= Claudiu Crăciun =

Romanian academic, activist and politician

Claudiu Crăciun (born 2 November 1978) is a Romanian academic, environmental and civic activist. A lecturer at the National School of Political Science and Public Administration, Crăciun has been active in Romanian civil society, having been involved in the 2012 Romanian protests, the 2013 Romanian protests against the Roșia Montană Project and the protests against illegal logging in 2015. He led a campaign to run as a candidate at the 2019 Romanian presidential election, which collected 13,000 signatures but failed to meet the threshold required (200,000) by Romanian electoral law. He is the Secretary-General of the Democracy and Solidarity Party (Demos), founded in 2016 and registered in 2018.

==Activism and protests==
===2012 Romanian protests===

In January 2012, Crăciun was one of the people involved in the 2012 Romanian protests. When Remus Cernea began his collaboration with the Social-Democrats by participating to a demonstration organized by them, Crăciun resigned from the party, accusing Cernea of "the immorality of pretending to represent the protesters" and claiming that he was trying the politicization of the protests. Crăciun argued that he wanted to "reinvent the citizen" before "reinventing the politician".

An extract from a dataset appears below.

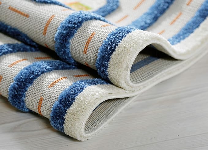 - 3D PLAY MAT: Thick, 3-dimensional quality mat provides a play area for your youngster; Rug features an array of colors with blue borders; Made in Turkey; Material: Polypropylene; Dimensions (L x W): 59 x 39 inches; Weight: 8 pounds
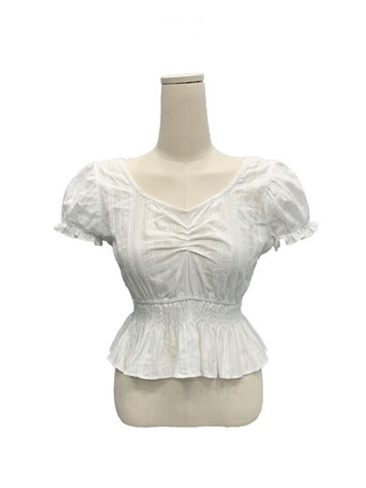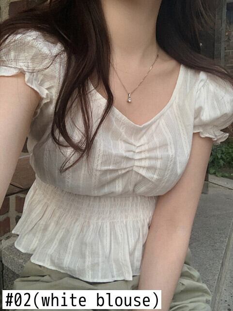 夏の V ネック白ブラウス女性服半袖シャツ女性スリムトップデ Bonitas Y Baratas ショート ホワイト ハーフスリーブ サマー 夏物 Vネック Son61638342345

===2013 protests against the Roșia Montană Project===

Crăciun was involved during the months-long 2013 protests as well, his level of involvement making the press to claim he was one of the "informal leaders" of the movement.

In 2014 Craciun was one of the civic activists asking for a complete reform of the electoral system in Romania. In 2015 he was also active in the protests against illegal logging in Romania.

===Creation of the Democracy and Solidarity Party===

Crăciun is the Secretary-General of the Democracy and Solidarity Party (Demos), which was started in 2015 as a platform and was made a political party on 15 September 2016. Demos was officially registered as one on 1 September 2018.